To be blunt and politically incorrect, another contributing factor is the ballooning number of human beings. Dan Brown was on to something when he highlighted the issue of overpopulation in his novel “Inferno”.
This is his intriguing statement: “Consider this. It took the earth’s population thousand of years – from the early dawn of man all the way to the early 1800s – to reach one billion people. Then astoundingly, it took only about a hundred years to double the population to two billion in the 1920s. After that, it took a mere fifty years for the population to double again to four billion in the 1970s. As you can imagine, we’re well on track to reach eight billion very soon. Just today, the human race added another quarter-billion people to planet Earth. A quarter million. And this happens every day – rain or shine. Currently every year we’re adding the equivalent of the entire country of Germany.”
The European Union was born out of this fear of overcrowding and competition for resources, plus the belief that close trading partners were less likely to go to war against one another. Meanwhile the Brexit controversy was ignited by worries that the “Pyramid” (in this case the EU) is not actually good for everyone.
British PM Theresa May has not messed it up. She is merely caught in the middle of a sticky human issue made even more complicated by politics. This does not mean, though, that she is not part of the problem. After all, she originally backed maintaining EU membership, in which case it’s safe to say that she should not have put herself at the forefront of advocating something she does not actually like.
Is the European single market noble? Far from it. Someone, somewhere is always going to suffer from it, while the idea could also morph into a belligerent trading bloc. Yes, close trading partners are unlikely to go to war against one another, but that may just turn small-scale wars into big ones. It can be said that the single-market idea was born out of mistrust or prejudice of some kind.
The 2016 referendum that led to today’s Brexit crisis probably underlines one truth: neither the remainers nor the leavers are totally right or totally wrong. The close referendum result, in which voters were split almost 50:50, confirms that sometimes we need to be alone, and sometimes we need to stick together in large numbers.
Donald Trump wants to be alone, for now, hence his border-wall idea. The majority of Britons apparently want to be alone, hence the narrow “Leave” victory. The rest of the EU wants “unity” or convergence. However, none of them is saintly, as each is influenced by prejudices embedded in overcrowded societies.

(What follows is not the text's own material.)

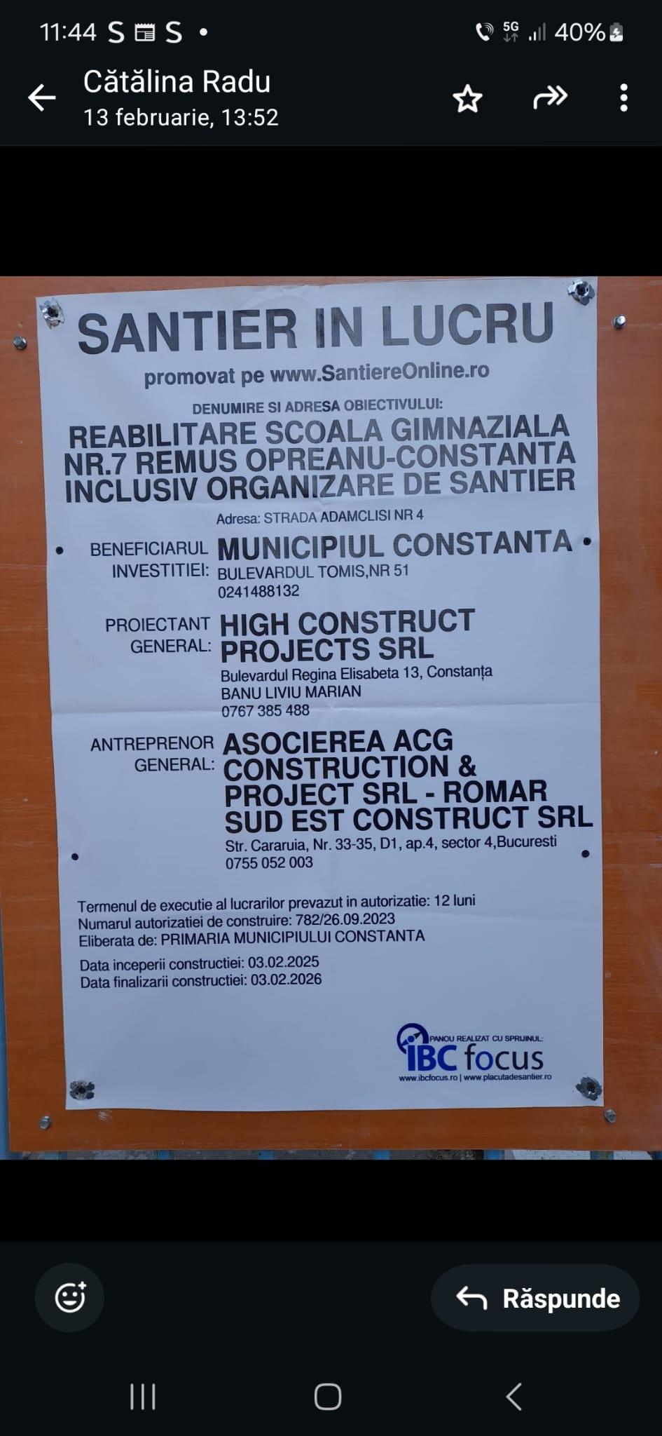 • Elevii de clasa a 8-a, care în iunie au Evaluarea Naţională,  cum pot învață fără uși și în zgomote de bormașini?  Profesorii cum se pot face auziți când bormașinile se aud fix când elevii de clasa a 8-a au ore? Anul trecut s-au chinuit la Energetic, au alergat în 5 minute de pauză de la o clasa la altă, de la un etaj la altul, zilnic! Anul acesta au stat 3 săptămâni acasă,  sub pretexte de Săptămâna Verde, Altfel. Etc. Cum să compari vreodată copiii de la Liceul  Ovidius ( de exemplu) care fac orele începând cu 9.09  cu ai noștri care se chinuie în săli neterminate, online, și alte improvizații! De ce nu au fost relocați dacă termenul de execuție este în 2026? Adevăratul este că sunteți depășiti de situație și aruncați mâța de la unii la alții! Primăria Constanța, recunoașteți că sunteți depășiti de situație și faceți ceva constructiv pentru elevii școlii nr.7!  Când vor recupera materia pe care ar trebui să o parcurgă în condiții decente?
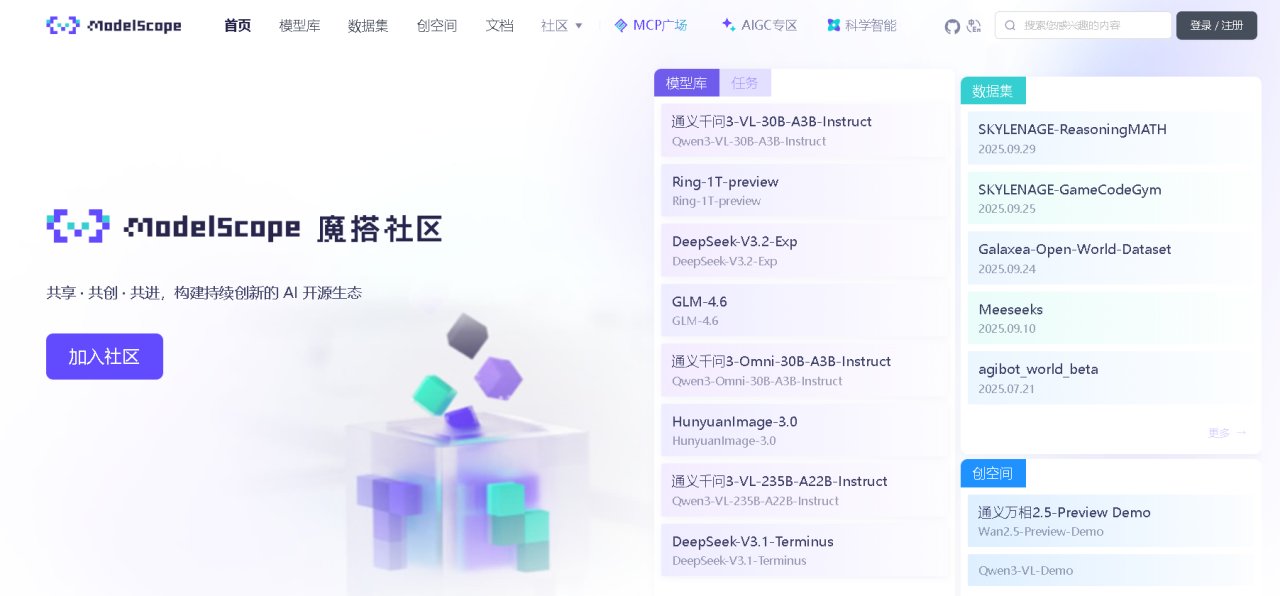 ModelScope被称为“魔搭社区”,是国内首个中文AI模型开源社区,由阿里巴巴通义实验室联合CCF开源发展委员会发起的模型开源社区及创新平台。

Looking at the EU more closely, we might wonder whether it is actually a wall rather than a pyramid. If it really is a pyramid, in other words a noble standard-setter, why do many people now want to leave it? Is there something seriously wrong with the EU,
or were “Leave” voters badly mistaken?
God’s opposite number is currently taking the upper hand in many international issues. Mind you, some argue that he had a hand in setting up the United Nations as well. As of now, the UN is a bigger “pyramid” than the EU, but if one day it turns into a “wall”, it will be taller as well.